- _RECORDS FOR THIS EXERCISE_:

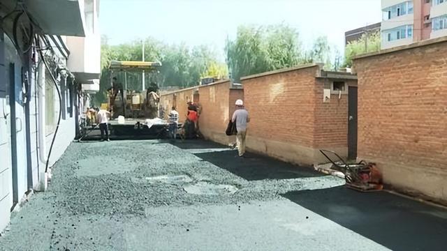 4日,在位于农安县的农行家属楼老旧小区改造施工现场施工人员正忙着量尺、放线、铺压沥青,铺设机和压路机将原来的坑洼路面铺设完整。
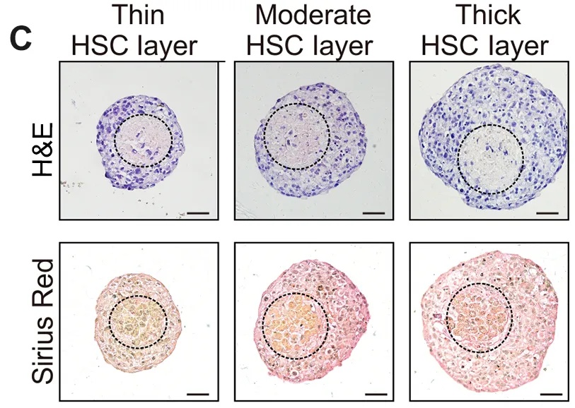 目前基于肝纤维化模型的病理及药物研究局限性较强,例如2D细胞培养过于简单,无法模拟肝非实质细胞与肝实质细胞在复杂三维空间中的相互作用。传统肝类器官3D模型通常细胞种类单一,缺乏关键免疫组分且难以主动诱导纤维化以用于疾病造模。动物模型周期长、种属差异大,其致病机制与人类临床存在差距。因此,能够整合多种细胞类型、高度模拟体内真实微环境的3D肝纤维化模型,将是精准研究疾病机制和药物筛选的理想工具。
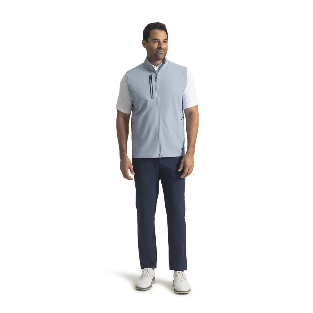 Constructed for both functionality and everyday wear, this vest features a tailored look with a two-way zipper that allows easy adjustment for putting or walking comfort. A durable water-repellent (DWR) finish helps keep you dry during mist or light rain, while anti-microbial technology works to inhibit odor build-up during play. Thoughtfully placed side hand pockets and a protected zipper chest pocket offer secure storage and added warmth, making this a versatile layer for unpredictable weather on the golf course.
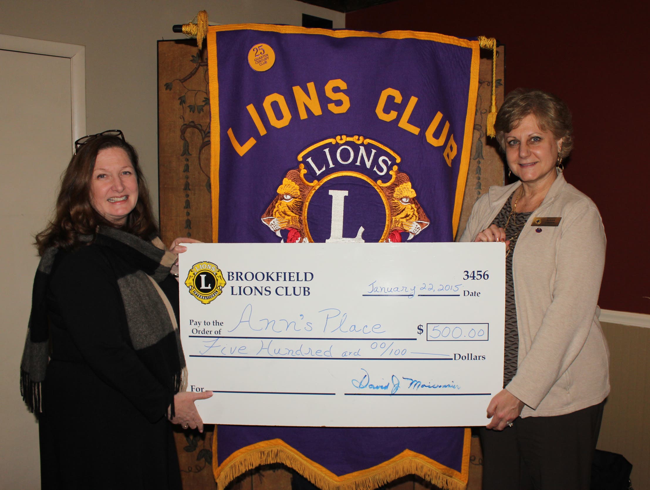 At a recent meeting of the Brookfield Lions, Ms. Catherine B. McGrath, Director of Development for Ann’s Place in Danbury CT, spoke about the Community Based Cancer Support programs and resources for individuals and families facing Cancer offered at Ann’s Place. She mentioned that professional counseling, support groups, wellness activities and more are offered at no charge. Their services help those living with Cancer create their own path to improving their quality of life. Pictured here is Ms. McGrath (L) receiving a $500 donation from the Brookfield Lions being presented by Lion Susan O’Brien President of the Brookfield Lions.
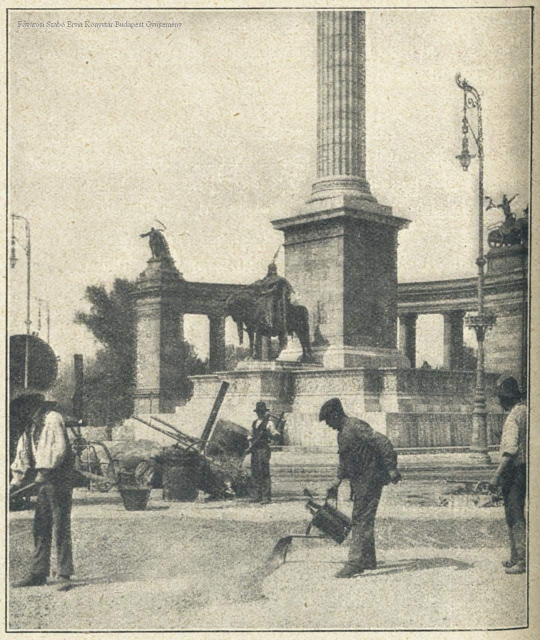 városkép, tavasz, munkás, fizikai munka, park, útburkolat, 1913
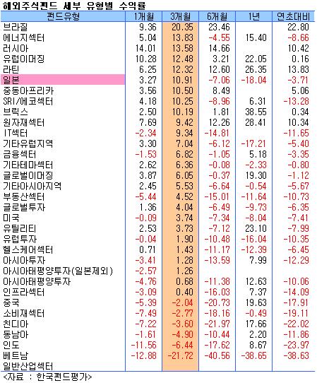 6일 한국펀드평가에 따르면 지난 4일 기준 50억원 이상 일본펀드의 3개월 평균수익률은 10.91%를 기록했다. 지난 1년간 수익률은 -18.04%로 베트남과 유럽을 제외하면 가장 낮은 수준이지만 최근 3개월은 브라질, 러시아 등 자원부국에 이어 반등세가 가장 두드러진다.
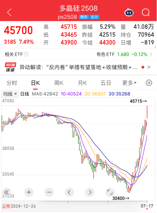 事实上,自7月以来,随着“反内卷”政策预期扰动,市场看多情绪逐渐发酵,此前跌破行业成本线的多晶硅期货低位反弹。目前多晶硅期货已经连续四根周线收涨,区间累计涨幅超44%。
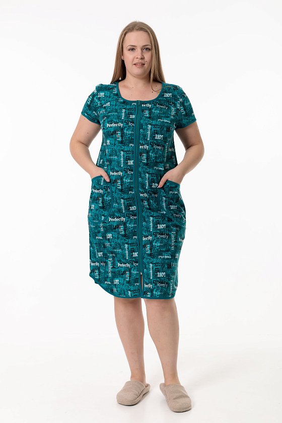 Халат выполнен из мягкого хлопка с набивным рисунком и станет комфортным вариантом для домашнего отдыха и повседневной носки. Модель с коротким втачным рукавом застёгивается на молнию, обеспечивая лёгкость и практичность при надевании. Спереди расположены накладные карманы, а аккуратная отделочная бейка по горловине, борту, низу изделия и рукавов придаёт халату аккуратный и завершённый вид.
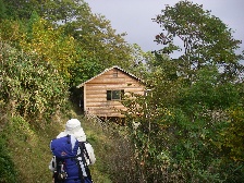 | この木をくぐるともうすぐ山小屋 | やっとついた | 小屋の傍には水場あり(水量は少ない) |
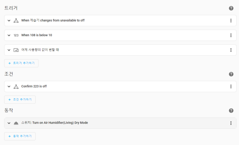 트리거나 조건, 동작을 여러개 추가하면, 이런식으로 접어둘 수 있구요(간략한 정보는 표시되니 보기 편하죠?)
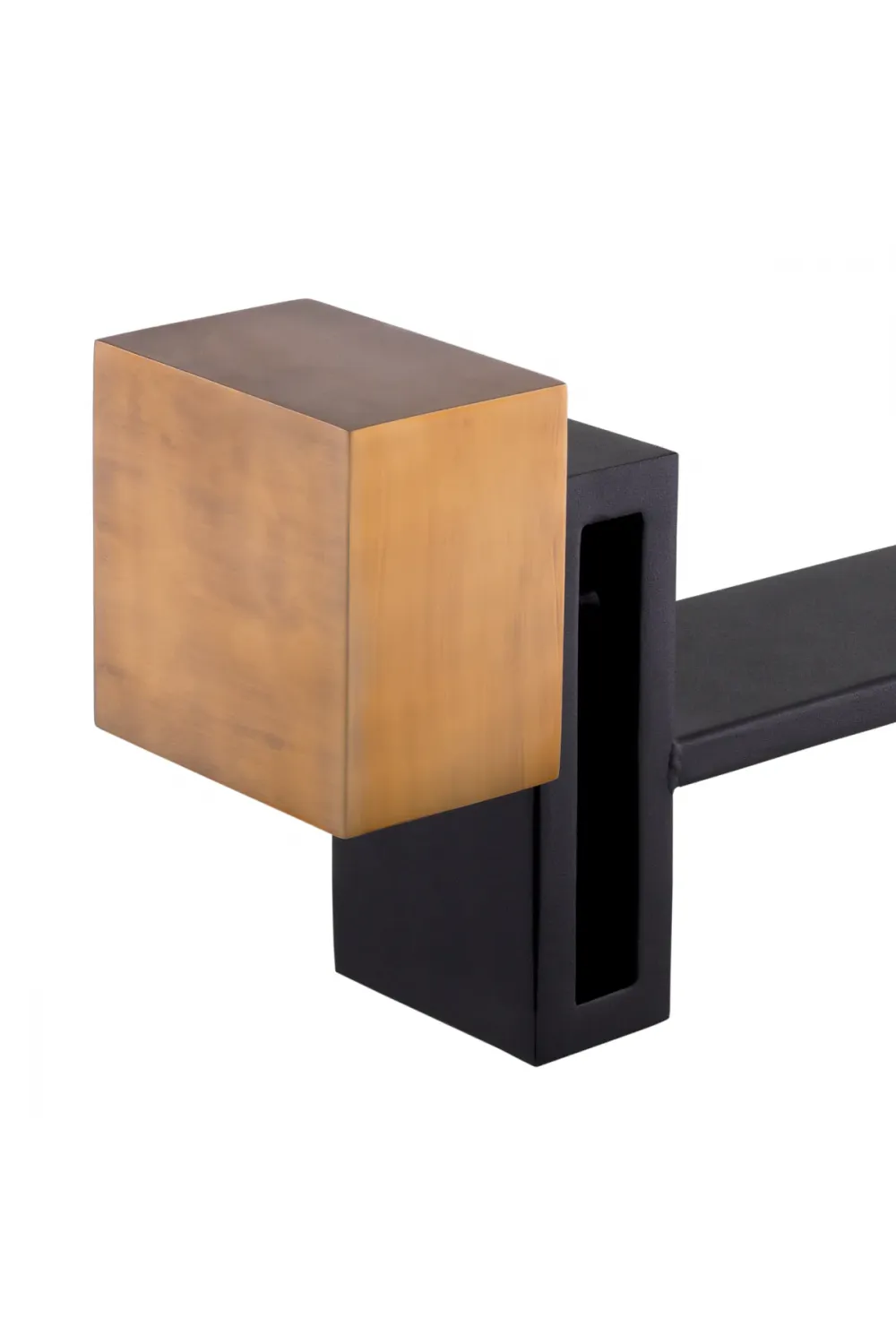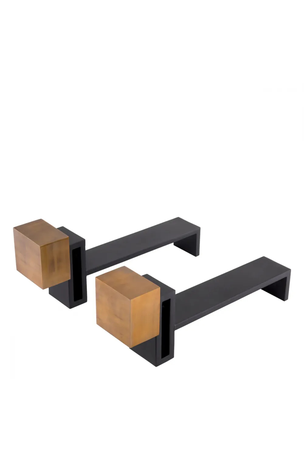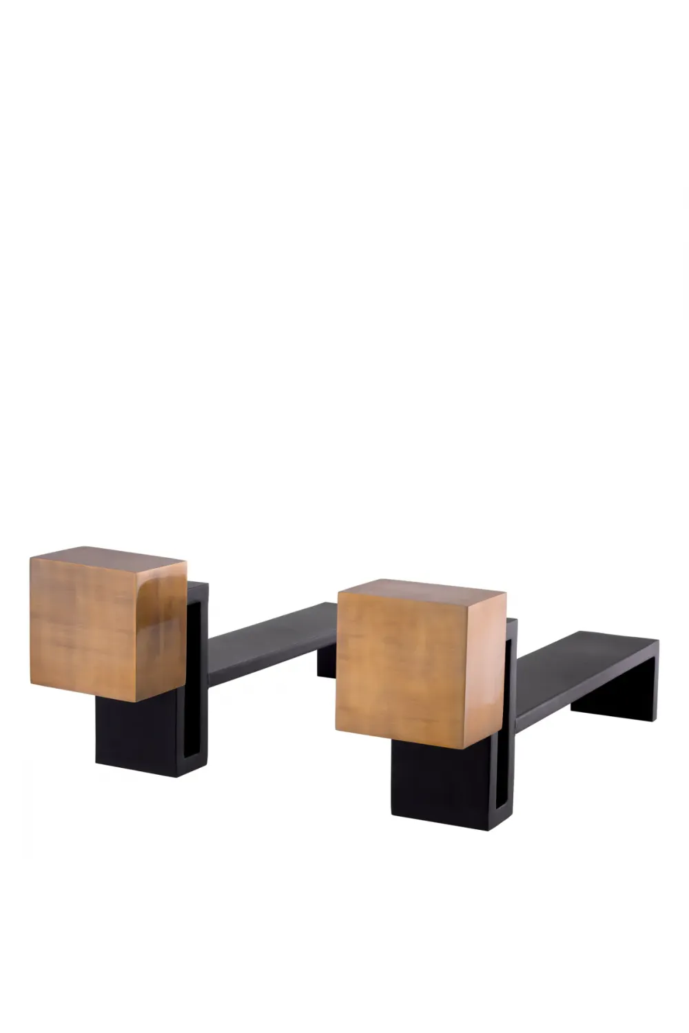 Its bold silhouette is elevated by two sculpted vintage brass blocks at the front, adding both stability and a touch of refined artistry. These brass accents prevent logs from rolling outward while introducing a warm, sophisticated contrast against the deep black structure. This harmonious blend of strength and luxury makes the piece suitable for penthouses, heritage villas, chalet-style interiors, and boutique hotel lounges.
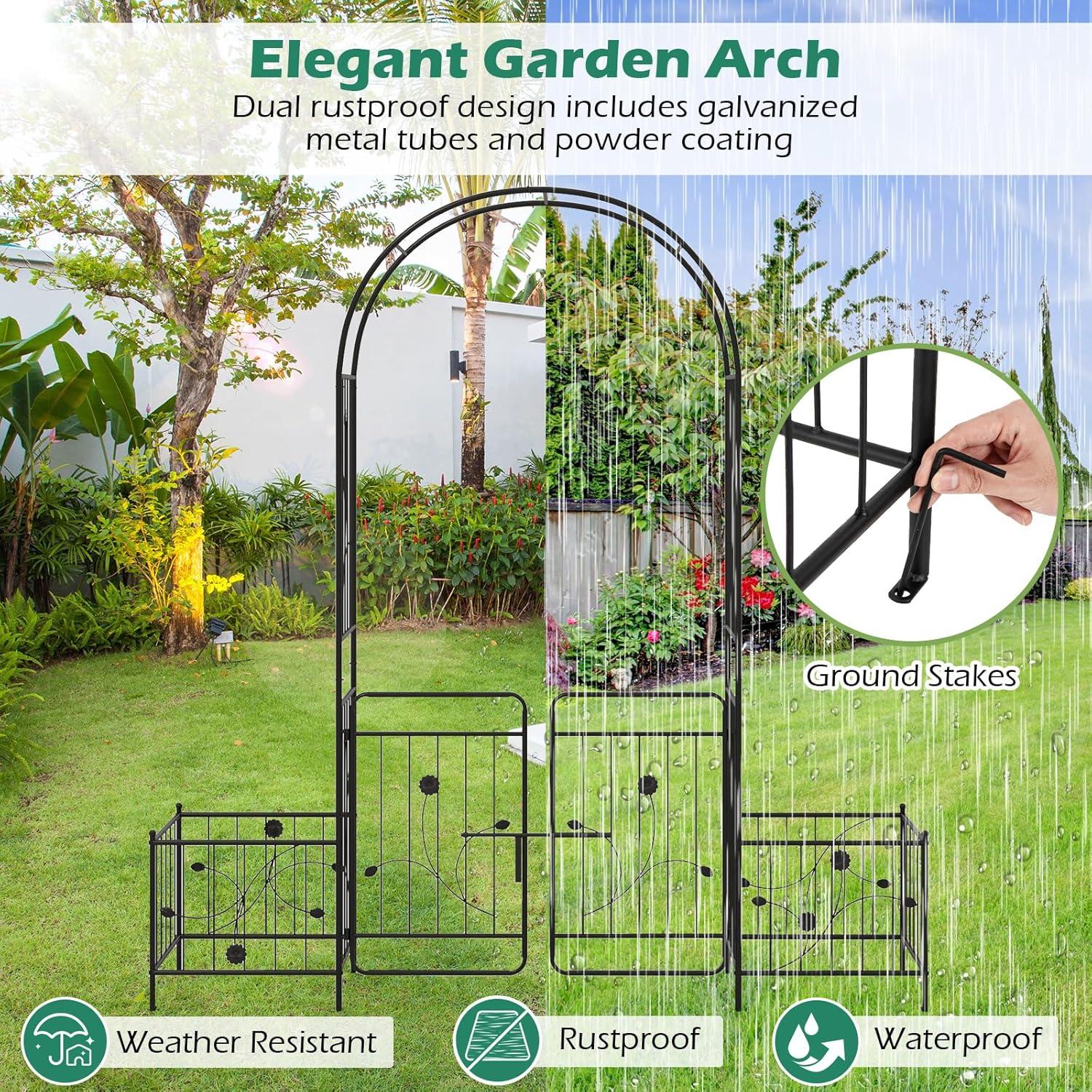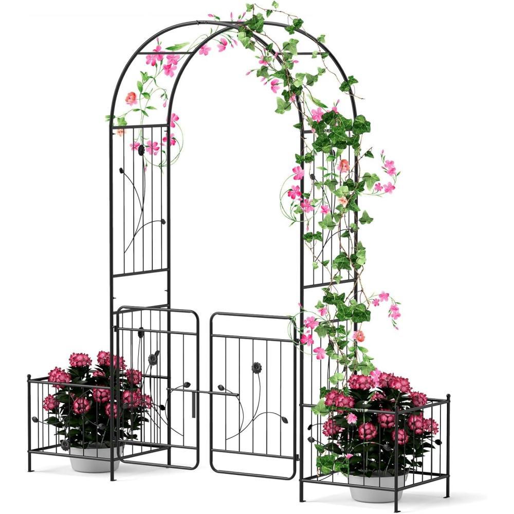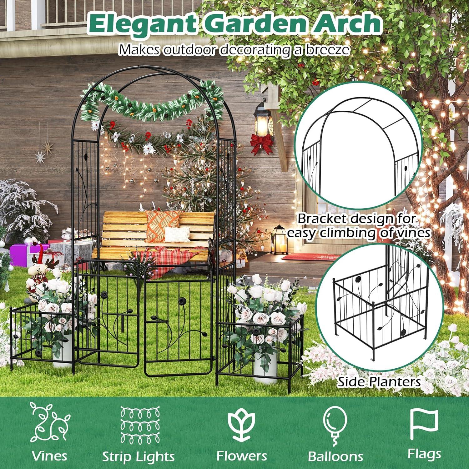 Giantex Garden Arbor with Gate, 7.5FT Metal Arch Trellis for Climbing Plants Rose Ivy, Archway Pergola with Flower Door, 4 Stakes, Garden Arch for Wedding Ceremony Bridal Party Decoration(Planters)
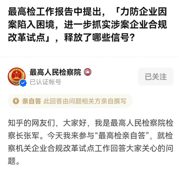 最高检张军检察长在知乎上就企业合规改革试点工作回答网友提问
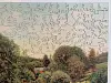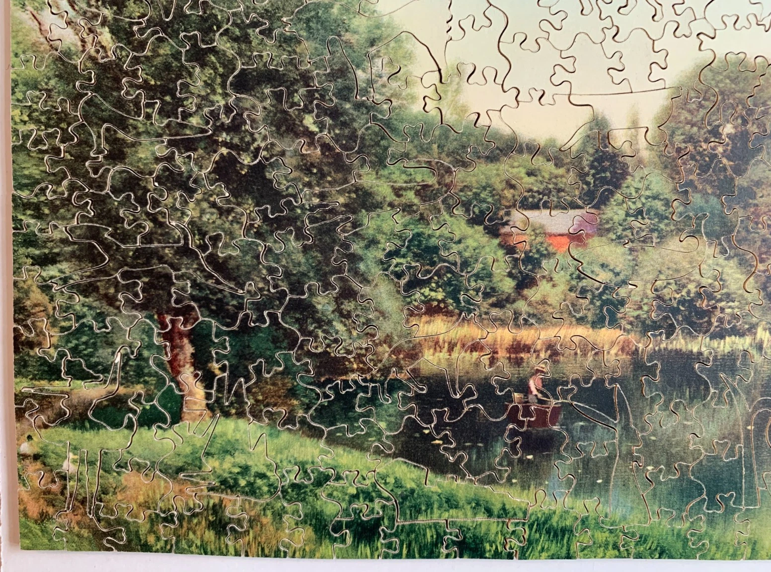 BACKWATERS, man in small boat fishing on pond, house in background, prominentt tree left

- _ACTIVITY_:
Could you return the whole listing exactly, images excluded?

- _EXPECTED ANSWER_:
 4日,在位于农安县的农行家属楼老旧小区改造施工现场施工人员正忙着量尺、放线、铺压沥青,铺设机和压路机将原来的坑洼路面铺设完整。
 目前基于肝纤维化模型的病理及药物研究局限性较强,例如2D细胞培养过于简单,无法模拟肝非实质细胞与肝实质细胞在复杂三维空间中的相互作用。传统肝类器官3D模型通常细胞种类单一,缺乏关键免疫组分且难以主动诱导纤维化以用于疾病造模。动物模型周期长、种属差异大,其致病机制与人类临床存在差距。因此,能够整合多种细胞类型、高度模拟体内真实微环境的3D肝纤维化模型,将是精准研究疾病机制和药物筛选的理想工具。
 Constructed for both functionality and everyday wear, this vest features a tailored look with a two-way zipper that allows easy adjustment for putting or walking comfort. A durable water-repellent (DWR) finish helps keep you dry during mist or light rain, while anti-microbial technology works to inhibit odor build-up during play. Thoughtfully placed side hand pockets and a protected zipper chest pocket offer secure storage and added warmth, making this a versatile layer for unpredictable weather on the golf course.
 At a recent meeting of the Brookfield Lions, Ms. Catherine B. McGrath, Director of Development for Ann’s Place in Danbury CT, spoke about the Community Based Cancer Support programs and resources for individuals and families facing Cancer offered at Ann’s Place. She mentioned that professional counseling, support groups, wellness activities and more are offered at no charge. Their services help those living with Cancer create their own path to improving their quality of life. Pictured here is Ms. McGrath (L) receiving a $500 donation from the Brookfield Lions being presented by Lion Susan O’Brien President of the Brookfield Lions.
 városkép, tavasz, munkás, fizikai munka, park, útburkolat, 1913
 6일 한국펀드평가에 따르면 지난 4일 기준 50억원 이상 일본펀드의 3개월 평균수익률은 10.91%를 기록했다. 지난 1년간 수익률은 -18.04%로 베트남과 유럽을 제외하면 가장 낮은 수준이지만 최근 3개월은 브라질, 러시아 등 자원부국에 이어 반등세가 가장 두드러진다.
 事实上,自7月以来,随着“反内卷”政策预期扰动,市场看多情绪逐渐发酵,此前跌破行业成本线的多晶硅期货低位反弹。目前多晶硅期货已经连续四根周线收涨,区间累计涨幅超44%。
 Халат выполнен из мягкого хлопка с набивным рисунком и станет комфортным вариантом для домашнего отдыха и повседневной носки. Модель с коротким втачным рукавом застёгивается на молнию, обеспечивая лёгкость и практичность при надевании. Спереди расположены накладные карманы, а аккуратная отделочная бейка по горловине, борту, низу изделия и рукавов придаёт халату аккуратный и завершённый вид.
 | この木をくぐるともうすぐ山小屋 | やっとついた | 小屋の傍には水場あり(水量は少ない) |
 트리거나 조건, 동작을 여러개 추가하면, 이런식으로 접어둘 수 있구요(간략한 정보는 표시되니 보기 편하죠?)
 Its bold silhouette is elevated by two sculpted vintage brass blocks at the front, adding both stability and a touch of refined artistry. These brass accents prevent logs from rolling outward while introducing a warm, sophisticated contrast against the deep black structure. This harmonious blend of strength and luxury makes the piece suitable for penthouses, heritage villas, chalet-style interiors, and boutique hotel lounges.
 Giantex Garden Arbor with Gate, 7.5FT Metal Arch Trellis for Climbing Plants Rose Ivy, Archway Pergola with Flower Door, 4 Stakes, Garden Arch for Wedding Ceremony Bridal Party Decoration(Planters)
 最高检张军检察长在知乎上就企业合规改革试点工作回答网友提问
 BACKWATERS, man in small boat fishing on pond, house in background, prominentt tree left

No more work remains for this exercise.